Steven Grant, as is his thing, fears the worst:
It’d be nice if in this “year of the comic book” comics sales in general would pick up for a change, but I guess when it rains during a long drought it’s impolite to ask for drinking water too. The only thing that bothers me about this is the inevitable backlash.
No, not that backlash. This one.
See, there are two kinds of people in Hollywood now: those who grew up with comics and love them, and those who didn’t and don’t and sit scratching their heads trying to figure out what the big deal is. (The third group is those who never read comics but now find them oddly fascinating, but those are mostly actors, who aren’t germane to the discussion.) The first group is mostly younger guys with their own projects, like Allan Heinberg (now writing for Marvel) or their own production companies, like Benderspink. (There are a lot of highly placed comics geeks at Benderspink.) They’re the guys who will be making all the real decisions in Hollywood in 20 years.
The second group are the guys making the decisions now.

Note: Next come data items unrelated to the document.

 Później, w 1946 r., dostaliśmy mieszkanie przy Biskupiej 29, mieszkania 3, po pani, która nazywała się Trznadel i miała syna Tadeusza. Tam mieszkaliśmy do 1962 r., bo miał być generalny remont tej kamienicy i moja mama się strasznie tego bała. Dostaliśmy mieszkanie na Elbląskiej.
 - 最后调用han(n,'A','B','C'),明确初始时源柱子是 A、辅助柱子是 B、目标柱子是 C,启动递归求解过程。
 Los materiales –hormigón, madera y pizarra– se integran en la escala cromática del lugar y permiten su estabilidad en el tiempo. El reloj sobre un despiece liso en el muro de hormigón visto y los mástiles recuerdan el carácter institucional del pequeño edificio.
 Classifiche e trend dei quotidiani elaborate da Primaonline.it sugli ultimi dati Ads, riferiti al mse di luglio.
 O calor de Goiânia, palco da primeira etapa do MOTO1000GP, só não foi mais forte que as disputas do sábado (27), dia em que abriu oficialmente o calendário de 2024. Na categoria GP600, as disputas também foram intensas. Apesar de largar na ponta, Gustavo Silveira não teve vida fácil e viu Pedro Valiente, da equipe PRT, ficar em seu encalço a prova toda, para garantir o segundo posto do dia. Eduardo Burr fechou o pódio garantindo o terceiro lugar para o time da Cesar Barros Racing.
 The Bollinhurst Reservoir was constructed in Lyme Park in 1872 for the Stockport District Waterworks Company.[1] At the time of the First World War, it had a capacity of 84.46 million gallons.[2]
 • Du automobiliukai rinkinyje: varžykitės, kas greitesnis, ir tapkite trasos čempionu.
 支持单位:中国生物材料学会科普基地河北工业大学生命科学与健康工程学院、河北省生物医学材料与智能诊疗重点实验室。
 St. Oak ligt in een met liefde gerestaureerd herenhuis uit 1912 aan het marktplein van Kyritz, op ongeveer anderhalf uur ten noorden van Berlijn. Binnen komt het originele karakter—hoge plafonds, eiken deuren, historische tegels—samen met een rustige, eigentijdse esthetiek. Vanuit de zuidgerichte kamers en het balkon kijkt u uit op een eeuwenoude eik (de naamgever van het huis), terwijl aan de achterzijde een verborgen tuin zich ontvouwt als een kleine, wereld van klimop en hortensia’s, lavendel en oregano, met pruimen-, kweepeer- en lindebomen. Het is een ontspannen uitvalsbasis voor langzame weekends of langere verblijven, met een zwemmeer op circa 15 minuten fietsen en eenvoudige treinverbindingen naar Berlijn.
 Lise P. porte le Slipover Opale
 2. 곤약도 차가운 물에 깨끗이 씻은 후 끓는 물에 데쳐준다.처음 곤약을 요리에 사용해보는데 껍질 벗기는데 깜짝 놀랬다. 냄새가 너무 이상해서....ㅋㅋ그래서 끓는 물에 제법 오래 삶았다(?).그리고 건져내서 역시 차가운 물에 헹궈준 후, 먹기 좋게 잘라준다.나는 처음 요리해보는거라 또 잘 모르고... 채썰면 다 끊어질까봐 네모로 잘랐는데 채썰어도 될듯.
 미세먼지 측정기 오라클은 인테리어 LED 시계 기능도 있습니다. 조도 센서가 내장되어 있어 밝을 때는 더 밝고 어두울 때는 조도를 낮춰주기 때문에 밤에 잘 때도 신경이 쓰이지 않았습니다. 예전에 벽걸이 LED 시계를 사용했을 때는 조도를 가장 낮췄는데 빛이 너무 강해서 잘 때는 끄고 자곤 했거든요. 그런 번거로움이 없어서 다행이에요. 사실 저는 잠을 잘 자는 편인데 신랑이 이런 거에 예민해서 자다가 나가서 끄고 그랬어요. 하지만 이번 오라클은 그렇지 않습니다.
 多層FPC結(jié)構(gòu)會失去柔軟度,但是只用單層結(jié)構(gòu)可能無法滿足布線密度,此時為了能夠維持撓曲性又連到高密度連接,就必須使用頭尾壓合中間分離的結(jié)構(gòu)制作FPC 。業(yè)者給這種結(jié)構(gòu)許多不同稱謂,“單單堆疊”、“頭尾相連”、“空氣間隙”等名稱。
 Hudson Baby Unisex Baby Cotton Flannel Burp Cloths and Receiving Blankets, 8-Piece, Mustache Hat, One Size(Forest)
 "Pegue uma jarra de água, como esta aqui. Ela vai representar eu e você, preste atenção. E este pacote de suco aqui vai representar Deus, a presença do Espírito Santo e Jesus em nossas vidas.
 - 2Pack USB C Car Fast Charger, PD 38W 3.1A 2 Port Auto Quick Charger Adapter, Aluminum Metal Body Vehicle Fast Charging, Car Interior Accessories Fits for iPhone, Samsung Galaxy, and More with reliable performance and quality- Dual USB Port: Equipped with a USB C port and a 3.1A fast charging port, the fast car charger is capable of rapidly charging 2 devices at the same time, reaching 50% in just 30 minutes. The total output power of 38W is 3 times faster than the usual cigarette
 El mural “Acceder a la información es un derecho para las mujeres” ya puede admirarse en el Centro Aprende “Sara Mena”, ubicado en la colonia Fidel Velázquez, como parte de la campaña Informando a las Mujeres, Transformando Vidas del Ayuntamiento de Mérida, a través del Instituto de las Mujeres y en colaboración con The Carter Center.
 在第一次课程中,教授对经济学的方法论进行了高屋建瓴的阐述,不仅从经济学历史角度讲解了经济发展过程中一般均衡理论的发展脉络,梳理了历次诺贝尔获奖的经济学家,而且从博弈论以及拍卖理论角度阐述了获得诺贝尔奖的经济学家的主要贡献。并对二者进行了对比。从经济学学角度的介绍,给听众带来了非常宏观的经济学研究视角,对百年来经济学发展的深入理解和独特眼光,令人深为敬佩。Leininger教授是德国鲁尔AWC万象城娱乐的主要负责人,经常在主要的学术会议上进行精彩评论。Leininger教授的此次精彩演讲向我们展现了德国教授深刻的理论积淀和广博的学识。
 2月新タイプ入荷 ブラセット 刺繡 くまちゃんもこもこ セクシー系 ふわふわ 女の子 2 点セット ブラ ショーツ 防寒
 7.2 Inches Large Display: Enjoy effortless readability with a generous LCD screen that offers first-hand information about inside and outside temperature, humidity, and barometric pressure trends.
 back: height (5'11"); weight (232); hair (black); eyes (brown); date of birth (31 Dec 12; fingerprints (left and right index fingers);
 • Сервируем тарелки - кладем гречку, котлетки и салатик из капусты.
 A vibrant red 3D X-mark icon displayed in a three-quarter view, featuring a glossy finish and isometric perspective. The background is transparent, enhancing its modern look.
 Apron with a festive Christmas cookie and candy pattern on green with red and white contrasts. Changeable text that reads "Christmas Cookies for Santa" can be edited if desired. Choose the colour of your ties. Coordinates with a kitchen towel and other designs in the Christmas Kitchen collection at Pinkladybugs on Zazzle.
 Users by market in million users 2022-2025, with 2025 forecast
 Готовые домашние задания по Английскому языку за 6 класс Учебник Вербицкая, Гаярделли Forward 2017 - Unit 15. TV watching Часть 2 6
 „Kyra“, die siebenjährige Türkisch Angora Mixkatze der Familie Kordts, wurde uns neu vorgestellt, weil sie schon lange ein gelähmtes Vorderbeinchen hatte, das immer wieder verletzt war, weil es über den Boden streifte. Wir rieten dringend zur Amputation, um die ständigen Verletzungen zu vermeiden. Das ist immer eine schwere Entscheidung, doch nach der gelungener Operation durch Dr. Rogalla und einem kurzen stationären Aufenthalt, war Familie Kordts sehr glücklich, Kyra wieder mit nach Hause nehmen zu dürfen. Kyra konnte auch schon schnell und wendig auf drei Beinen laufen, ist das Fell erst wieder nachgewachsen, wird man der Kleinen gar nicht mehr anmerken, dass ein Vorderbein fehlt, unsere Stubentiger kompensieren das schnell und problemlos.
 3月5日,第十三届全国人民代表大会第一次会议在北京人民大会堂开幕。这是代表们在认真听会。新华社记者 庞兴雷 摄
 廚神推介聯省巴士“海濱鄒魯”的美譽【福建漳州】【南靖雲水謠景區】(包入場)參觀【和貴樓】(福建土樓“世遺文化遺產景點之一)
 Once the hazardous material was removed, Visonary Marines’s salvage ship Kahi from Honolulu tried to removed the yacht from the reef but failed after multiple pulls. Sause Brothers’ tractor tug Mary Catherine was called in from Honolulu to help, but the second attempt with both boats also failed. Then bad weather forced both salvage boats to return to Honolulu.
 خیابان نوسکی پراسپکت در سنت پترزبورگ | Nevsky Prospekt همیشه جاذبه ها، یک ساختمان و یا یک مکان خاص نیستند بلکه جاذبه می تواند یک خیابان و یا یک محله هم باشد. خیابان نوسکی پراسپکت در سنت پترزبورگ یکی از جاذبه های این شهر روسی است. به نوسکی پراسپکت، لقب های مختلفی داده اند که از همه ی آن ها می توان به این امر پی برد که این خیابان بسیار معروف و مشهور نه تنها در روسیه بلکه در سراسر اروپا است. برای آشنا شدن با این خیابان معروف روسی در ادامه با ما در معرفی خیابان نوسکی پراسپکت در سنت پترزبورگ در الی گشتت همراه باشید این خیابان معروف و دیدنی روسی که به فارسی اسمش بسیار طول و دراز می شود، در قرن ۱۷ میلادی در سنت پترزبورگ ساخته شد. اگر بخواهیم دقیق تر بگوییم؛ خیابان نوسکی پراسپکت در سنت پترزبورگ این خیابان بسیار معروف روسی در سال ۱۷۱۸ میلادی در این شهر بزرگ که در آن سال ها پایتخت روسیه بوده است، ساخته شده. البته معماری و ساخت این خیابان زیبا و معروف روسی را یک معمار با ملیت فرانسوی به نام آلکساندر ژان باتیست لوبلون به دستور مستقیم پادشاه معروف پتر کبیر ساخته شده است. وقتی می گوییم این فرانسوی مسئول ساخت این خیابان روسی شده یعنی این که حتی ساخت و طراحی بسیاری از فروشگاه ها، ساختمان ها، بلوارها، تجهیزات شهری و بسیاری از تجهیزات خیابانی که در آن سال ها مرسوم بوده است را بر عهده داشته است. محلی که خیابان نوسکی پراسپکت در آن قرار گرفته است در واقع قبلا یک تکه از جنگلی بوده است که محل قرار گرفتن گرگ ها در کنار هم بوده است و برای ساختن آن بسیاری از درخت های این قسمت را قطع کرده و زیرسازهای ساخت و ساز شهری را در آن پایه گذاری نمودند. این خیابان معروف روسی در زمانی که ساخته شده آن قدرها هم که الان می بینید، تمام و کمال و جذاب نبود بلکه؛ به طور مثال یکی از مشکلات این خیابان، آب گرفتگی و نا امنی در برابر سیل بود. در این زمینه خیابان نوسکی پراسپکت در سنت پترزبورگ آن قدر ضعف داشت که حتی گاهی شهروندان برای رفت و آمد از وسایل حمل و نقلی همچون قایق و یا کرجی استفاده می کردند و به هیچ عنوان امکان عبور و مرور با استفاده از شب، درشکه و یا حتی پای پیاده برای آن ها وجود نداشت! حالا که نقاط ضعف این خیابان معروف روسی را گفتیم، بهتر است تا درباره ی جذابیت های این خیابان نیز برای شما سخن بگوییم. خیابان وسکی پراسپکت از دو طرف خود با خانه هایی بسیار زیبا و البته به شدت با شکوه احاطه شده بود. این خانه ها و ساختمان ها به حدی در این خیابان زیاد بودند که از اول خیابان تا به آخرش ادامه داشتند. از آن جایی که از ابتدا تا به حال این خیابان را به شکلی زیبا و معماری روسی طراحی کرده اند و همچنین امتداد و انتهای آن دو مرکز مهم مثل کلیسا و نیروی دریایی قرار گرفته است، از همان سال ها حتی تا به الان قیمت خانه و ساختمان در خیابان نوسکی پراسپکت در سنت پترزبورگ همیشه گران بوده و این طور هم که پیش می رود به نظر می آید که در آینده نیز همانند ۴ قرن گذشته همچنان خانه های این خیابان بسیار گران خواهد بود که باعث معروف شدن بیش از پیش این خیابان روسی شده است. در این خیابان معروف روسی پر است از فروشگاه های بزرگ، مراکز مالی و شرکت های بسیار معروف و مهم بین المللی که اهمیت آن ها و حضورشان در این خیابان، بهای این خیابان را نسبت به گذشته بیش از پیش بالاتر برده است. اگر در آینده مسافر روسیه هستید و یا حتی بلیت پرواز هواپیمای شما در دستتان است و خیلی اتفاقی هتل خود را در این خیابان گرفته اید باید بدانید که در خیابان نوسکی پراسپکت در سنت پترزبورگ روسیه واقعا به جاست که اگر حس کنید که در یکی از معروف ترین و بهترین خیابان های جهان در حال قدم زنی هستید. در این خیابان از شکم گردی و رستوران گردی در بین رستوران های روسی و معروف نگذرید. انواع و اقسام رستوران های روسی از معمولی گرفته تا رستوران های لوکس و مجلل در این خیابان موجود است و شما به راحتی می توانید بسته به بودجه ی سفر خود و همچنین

So what I anticipate in a year, year and a half, should SPIDER-MAN III and FF II be the big box office guns expected, we’ll see another round of superhero parody films. Why? Because there’s still a widespread assumption that all comics are superhero comics, people who know comics the least cling the most to that assumption, and the second group is made up of people who know comics the least. And since they believe - correctly, but so what? - that superheroes are an innately silly idea (the success of HEROES (NBC, Mondays 8P) is not likely to change their minds, since that has pretty much gone out of its way to not refer to any of its “heroes” as superheroes, and, like SMALLVILLE, doesn’t put its heroes in gaudy costumes, which is their shorthand for “see? These aren’t really superheroes!”; SMALLVILLE’s longevity isn’t much of an argument in those circles either, since being a hit on The CW (Thursdays 8P) is like being the world’s tallest midget) they’re pretty much suckers for any pretty face with script that says, “Let’s mock the whole idea of superheroes.”